Whoever she was, she could write

SO there I was, not wanting to appear ungracious but thinking, how can I read a book ``for pleasure'' -- I've got lots of work to do. Most of the material I read is connected with my job. I read with pencil in hand, ready to underline Significant Passages, on the watch to share pedagogical ideas. The plight of the English teacher: We read from design, anticipating use, measuring enjoyment. We hardly do even that; we are so busy marking papers. We are corrupted; the academic world is too much with us. I force a tolerant smile. I don't have time for reading an autobiography, especially one by an author I never heard of, and on a subject far removed from my interests. What could aviation, East Africa, the late '30s, say to me? But my recommender is insistent. ``Put down your pencil, put up your feet, this book is unusual. Beryl Markham can really write.'' Indifferently, I take the book and pocket it. I'll read it sometime, I promise. I proceed, then, to forget about it. ``Sometime,'' turns out to be weeks later when I come across the book accidentally in a stack of unread pamphlets. It is a slim paperback, with large print and short chapters. The back jacket has admirable praise -- from Hemingway -- but so what?
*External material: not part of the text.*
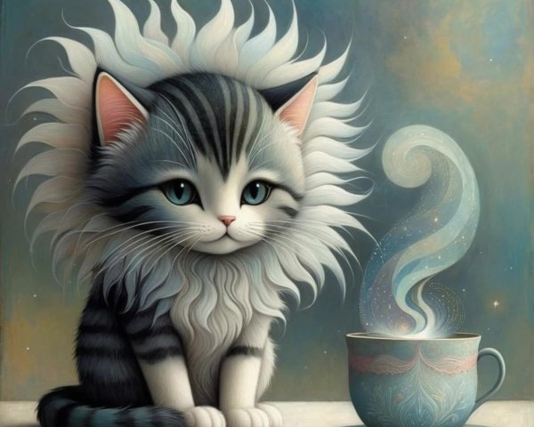 Prompt: Las cuatro estaciones: primavera, verano, otoño e invierno, combinadas, conforman el rostro de un gato. Una obra maestra surrealista y excepcional al estilo de Catrin Welz Stein.

As for my recommender, well, he was an inventor, so that explained his own attraction to the subject of airplanes. I like nonfiction, but what have I to do with night runs on the Serenghetti plain and horse training -- the aviatrix's earlier life? What is more, I observe, Ms. Markham has no literary credentials, though Hemingway does say she can outwrite him. Hyperbole is the mother of promotion.

I smirk, hold the book at arm's length, then reluctantly, because I had promised, settle into a chair (none too comfortably . . . I won't be with the book too long) and skeptically eye the cover: Markham in pilot's headgear looking a bit like Katharine Hepburn. Wonderful! I'm going to spin about in the outer orbit of an eccentric English lady. And what a title, ``West with the Night.'' How corny, melodramatic! But friendship being what it is, I don't want to disappoint my inventor friend, so I descend into my chair, more in defeat than anticipation, and fold back Page 1. I go through the opening line about 12 times, but decide, anyway, to give the thing a decent run.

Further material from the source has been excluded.